Senate debates

Wednesday, 23 November 2022


Offshore Electricity Infrastructure Legislation Amendment Bill 2022; Second Reading

10:36 am

Photo of Karen GroganKaren Grogan (SA, Australian Labor Party) Share this | Hansard source

I rise to also support the Offshore Electricity Infrastructure Legislation Amendment Bill 2022, strangely enough. We've heard a lot of conversation in some contributions this morning, so let me be clear about what this bill is actually going to do.

The Offshore Electricity Infrastructure Legislation Amendment Bill amends the Customs Act 1901 to ensure that, following the recent commencement of the Offshore Electricity Act, the goods and vessels that enter or exit the coast in relation to offshore electricity infrastructure are appropriately regulated. The bill is also amending the OEI Act to primarily accommodate a recent change in the Administrative Arrangement Orders, which might otherwise impact the powers and identity of the Offshore Infrastructure Registrar.

While that doesn't sound like the sexiest paragraph in the universe, it actually is a significant step towards structural change. As Senator Hanson-Young was referring to previously, we have seen, over a significant period of time, close to a decade, challenges in this area and a lack of action. So we are making this change to ensure that we can build this industry that we know has the opportunity to be quite transformational.
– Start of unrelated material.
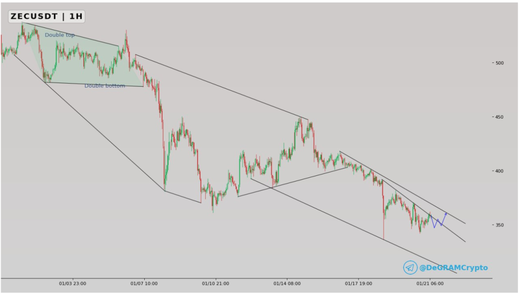 В рыночном анализе, переданном DeGram, отмечается, что движение ZEC остается плоским после длительного падения, при этом цена формирует узкий диапазон вокруг уровня поддержки в канале. По сути, графический паттерн указывает на коррекционный отскок, а не на разворот.

It is quite a transformational piece of work. We've seen a lot of activity across Europe, and now the United States are also investing very heavily in offshore wind. These changes allow us to invest in that industry and to open up the opportunity for the building of those wind farms offshore to build up our electricity grid.

Our commitment to 82 per cent renewables in electricity by 2030 is a solid commitment that is going to make a difference, and this kind of change will open up this industry to new jobs, to new investment and to a greener, cleaner future, a future where we know that there are better jobs and that this is the pathway we need to take not just for ourselves in Australia but as a global citizen addressing issues of climate change. We cannot keep acting the way we've been acting, but we can do it by building new opportunities, new industries and new jobs. That is exactly what this kind of legislation will open up opportunities for.

Offshore wind, like I said, is very popular across Europe and is building significantly year on year. It is a stronger, more consistent wind source and is more abundant than onshore wind. It also deals with a lot of the issues that people have raised regarding onshore farms, which absolutely have a place and a role to play, but the offshore wind farms provide, as I say, an extra, stronger and more consistent source of electricity that we'll be able to pump into the grid, the new grid, the grid that we're upgrading and making more efficient so that we can provide cheaper, cleaner electricity to households across Australia while also boosting jobs and building new industries that we can be proud of.

We can transfer our economy. We can transform our energy system. We can move towards a clean energy future. We can embrace the opportunities that our natural environment has, and we can work, as Senator Hanson-Young pointed out, in partnership with anybody who wants to play and in partnership with our environment. We can make a better future, and this bill takes us part of the way there. Like my colleague, Senator Hanson-Young, said, we will be delighted to work more closely with the opposition for a stronger and cleaner energy future. We're looking forward to that.

Senator Duniam, thank you very much. And with that I will commend the bill to the Senate.